*Exercise*: Reproduce the lines below exactly. Begin with the first, end with the line containing "管理员可通过后台首页查看用户", and leave out the pictures.

*Raw data*:
---*---
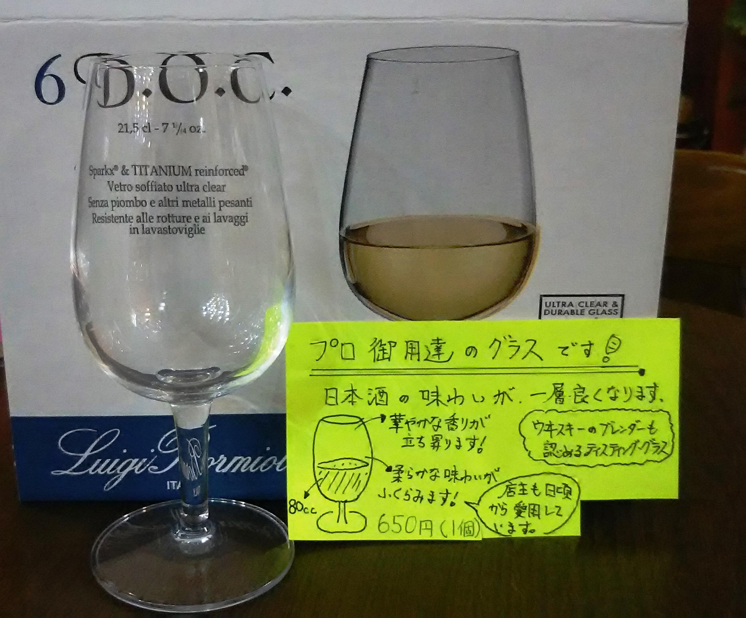 ただ、日本酒用、ワイン用、とそれぞれに対応したグラスを持つことはとても大変なので、そんな時に重宝するのが『テイスティング・グラス』なんです!実は私も、自宅で愛用しており、様々なお酒の香りや味わいを見るときには欠かせません。当店のお客様の中でも愛用者が多く、ワインや日本酒を飲むときに使っているそうです。グラスの半分より少し下ぐらいが80ccなので、飲み過ぎなくてちょうどいいんです!と言ってる方もいました(笑)
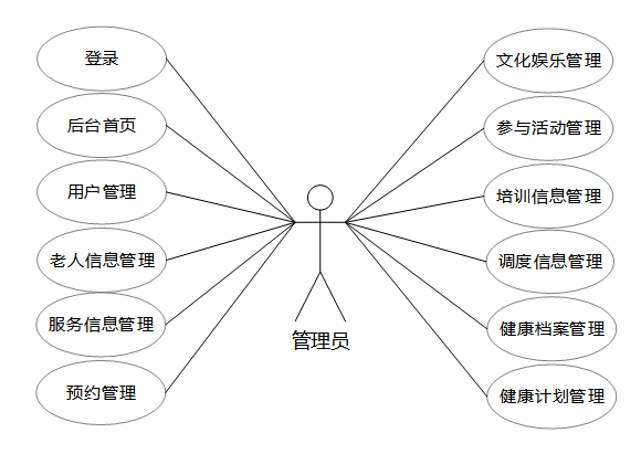 管理员可通过后台首页查看用户统计、日程安排,全面管理用户、老人信息及服务内容。审核并安排预约服务,维护文化娱乐活动,优化调度管理。培训信息管理提升员工能力,健康档案与健康计划确保老人得到精准健康管理,公告资讯管理提供最新政策和平台动态,保障系统高效运行。管理员角色用例如下图所示。
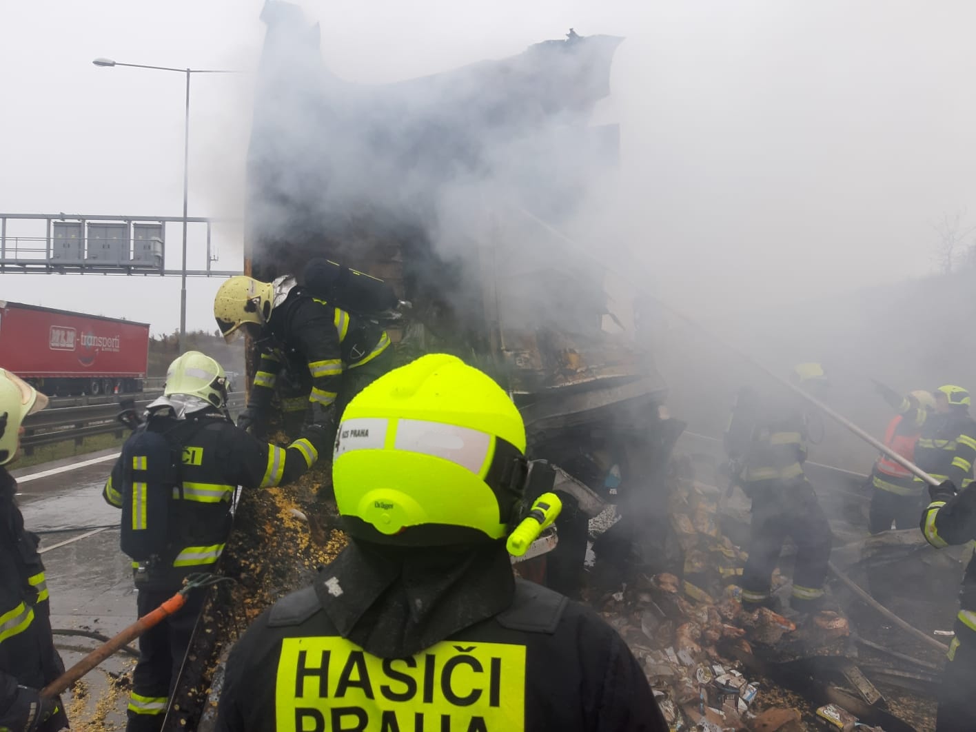 Ke zdolání požáru použili hasiči dva C proudy, vysokotlaký proud a pražská jednotka i zařízení Cobra. Vzhledem k tomu, že velitel zásahu požadoval na místo další cisternu, byla povolána také jednotka sboru dobrovolných hasičů obce Dolní Břežany. Kvůli řádnému dohašení převáženého nákladu bylo rozhodnuto o vyskladnění návěsu zasažené soupravy. Bylo také zapotřebí rozebrat a řádně uhasit všechna skrytá ohniska v nabourané části vozidla.
---*---
*Expected output*:
 ただ、日本酒用、ワイン用、とそれぞれに対応したグラスを持つことはとても大変なので、そんな時に重宝するのが『テイスティング・グラス』なんです!実は私も、自宅で愛用しており、様々なお酒の香りや味わいを見るときには欠かせません。当店のお客様の中でも愛用者が多く、ワインや日本酒を飲むときに使っているそうです。グラスの半分より少し下ぐらいが80ccなので、飲み過ぎなくてちょうどいいんです!と言ってる方もいました(笑)
 管理员可通过后台首页查看用户统计、日程安排,全面管理用户、老人信息及服务内容。审核并安排预约服务,维护文化娱乐活动,优化调度管理。培训信息管理提升员工能力,健康档案与健康计划确保老人得到精准健康管理,公告资讯管理提供最新政策和平台动态,保障系统高效运行。管理员角色用例如下图所示。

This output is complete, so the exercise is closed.